複式総合的な学習の時間_町家活用体験アイデアについて考える


 今年度の複式学級の総合的な学習の時間は、金沢市における空き家問題を題材としています。二学期には、協力企業が所有する町家を活用した事業のアイデアを児童が考え、実現を目指すという学習に取り組んでいます。
 現在、子供たちが考えた町家活用アイデアを社長にプレゼンするため、各チームで体験の具体的内容について考えています。各チームが本日の授業で取り組んでいたのは以下の内容です。どんどん具体的になって魅力的な体験になるといいなと考えています。
【染物チーム】
 複雑なものを染めるのは難しいということで、シンプルにタオルとハンカチを染めることとなりました。また、金沢らしさを出すためには加賀野菜を使って染めればよいという以前のアイデアを出していましたが、本当に染めることができるのかは自分たちでは分からないという結論に至りました。そこで、専門家の方にメールを送ろうということになりました。文章を考えた後には、どのような染物をイメージするかを画用紙に描いていました。
【伝統作品づくりチーム】
 加賀繍は繊細だし、難しいからということで、何を作るかにを考えていました。時間をかけないと大きなものは作れないということで、小さな柄を作ることで意見が一致しました。具体的に何を作るかについては、紆余曲折を経て、のれんを作ることとなりました。のれんづくりはどこもやっていない、家でも使える、加賀繍も目立つという理由だそうです。その後、一人一台のタブレット環境があるので、メモ機能を用いて、具体的にどんなのれんがいいかを描いていました。
【シルクスクリーンチーム】
 染物チーム同様に、複雑なものは避けた方がいいということで、Tシャツに決まりました。金沢らしさを表現するには、柄しかないということで、どんな柄だと金沢らしさが出るかについて長い時間話し合っていました。結果、「金沢城」、「鼓門」、「ことじとうろう」を柄とすることとなったようです。その後、「具体的に描きたい」ということで、画用紙を配布し、具体的なデザインを考えていました。
【唐紙チーム】
 以前、専門家から作ることができると言われた候補の中から、帽子、バック、うちわに柄をほどこすこととなりました。また、このグループのメンバーの一人が自宅で加賀五彩という色を調べてきており、これらの金沢らしい色をベースとしたものを作るということも決まりました。その後は、画用紙に具体的なイメージを描いていました。
【和菓子づくりチーム】
 誰にでもできそうなものがいいということを考慮し、上生菓子を作ることになりました。どこにでもある上生菓子にどんなオリジナル性を出すかについて、それぞれの考えを述べあっていました。加賀野菜を用いる、金沢らしい模様をつける、あんこの味を工夫するなどそれぞれの考えをもとに、授業終末場面では、どんな上生菓子ができるかを画用紙に描いていました。

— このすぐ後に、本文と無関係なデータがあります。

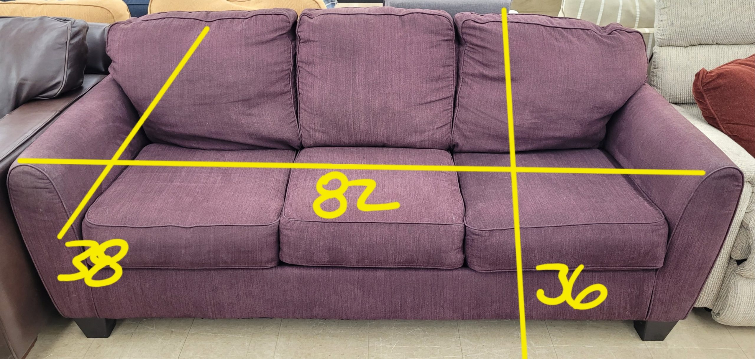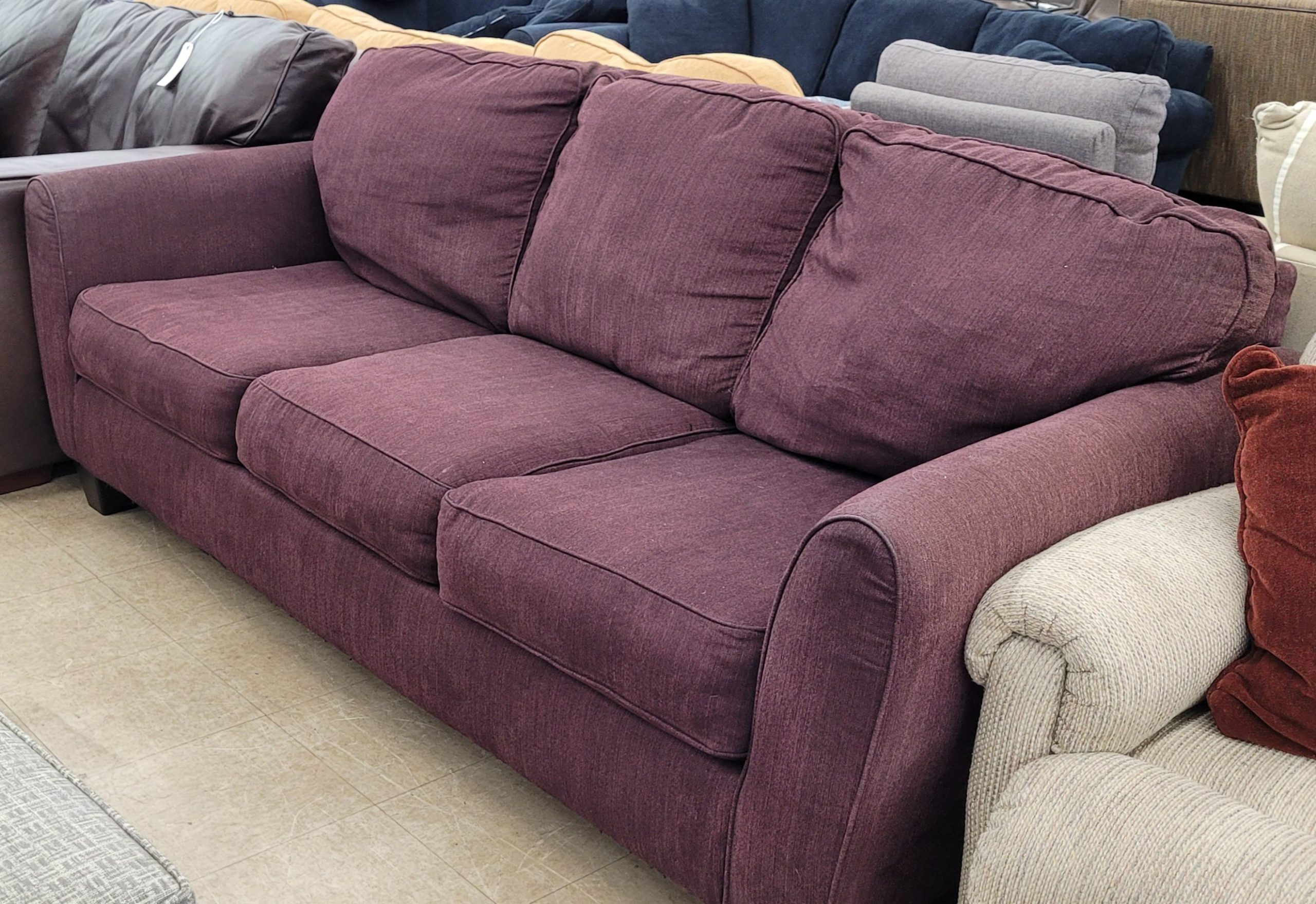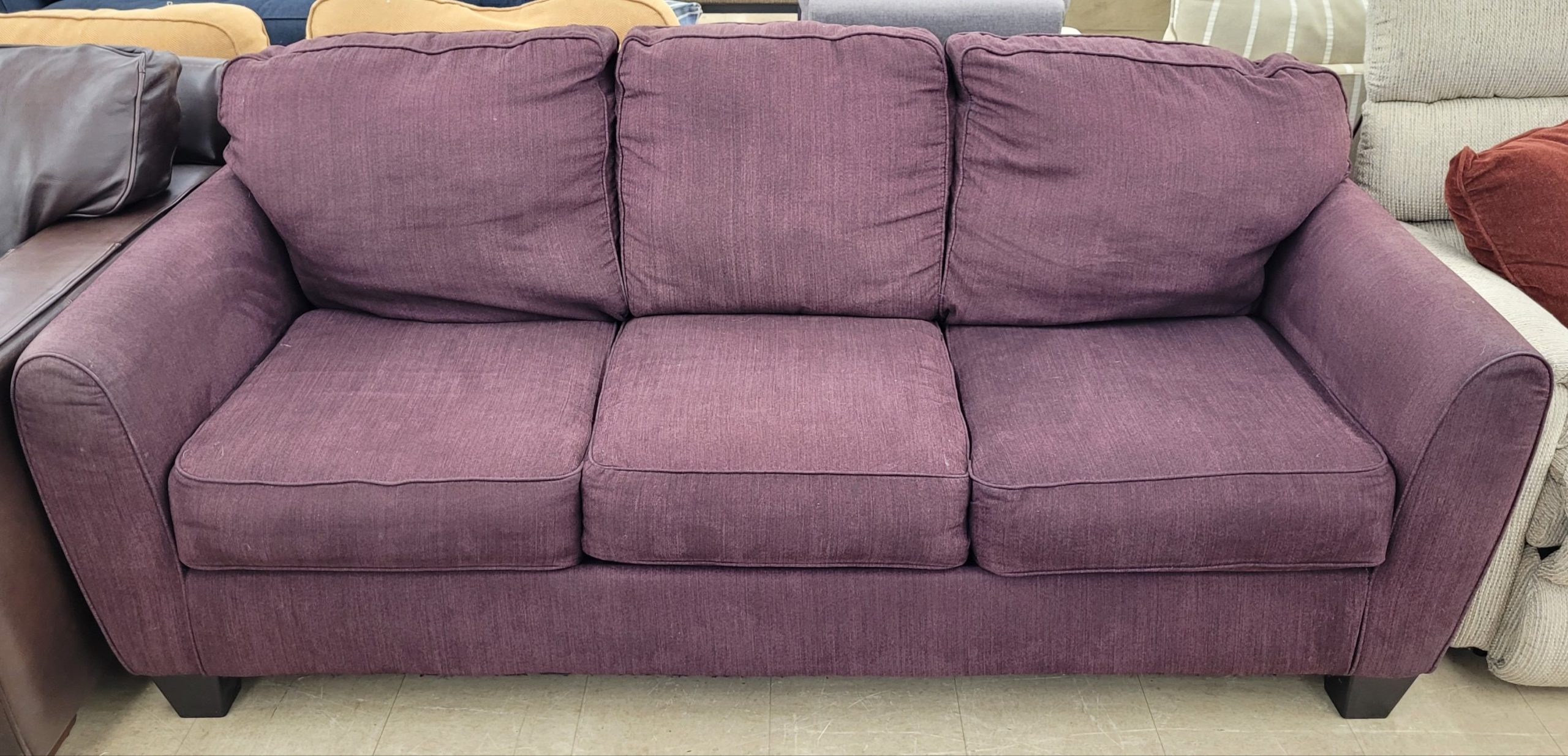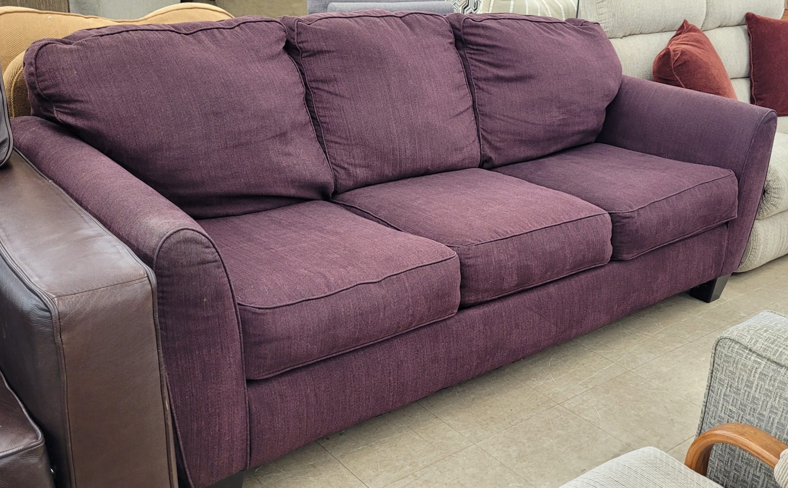 Great purple couch for sale. In good used condition, this couch is wonderfully unique. No rips or tears, this couch can be a great addition to your home. Even better if you’re a red wine drinker! Sink into scomfort on this otherwise great couch. From a clean non-smoking home.

複式_総合的な学習の時間「附属小発!金沢市の空き家問題にイノベーションを!」



 複式学級における、今年度の総合的な学習の時間のテーマは「金沢における空き家問題」です。学校の近くにある空き家から疑問をもち、自分たちで学習課題を見出し、調べています。1学期には、金沢市住宅政策課の職員の方をゲストティーチャーにお招きし、空き家が問題になる理由やこれからも空き家の数が増えるということを教えてもらいました。
 「みんなも小学生の立場でできることを考えてほしい」というコメントをうけて、子どもたちはどうすれば空き家の数を減らせるかを考えていきました。金沢で空き家を有効に活用している人について調べてきました。そして、現在、子どもたちは、空き家を住む以外の新しい活用方法について考え、実現させようと頑張っています。1学期だけでも教室の垣根を越えて、様々な方が関わりをもてました。これからの展開が楽しみです。
 また、この実践はSDGsの「11.住み続けられるまちづくりを」、「17.パートナーシップで目標を達成しよう」に位置付く取り組みであると言えます。教育とSDGsという視点においても注目度のある授業となると自負しています。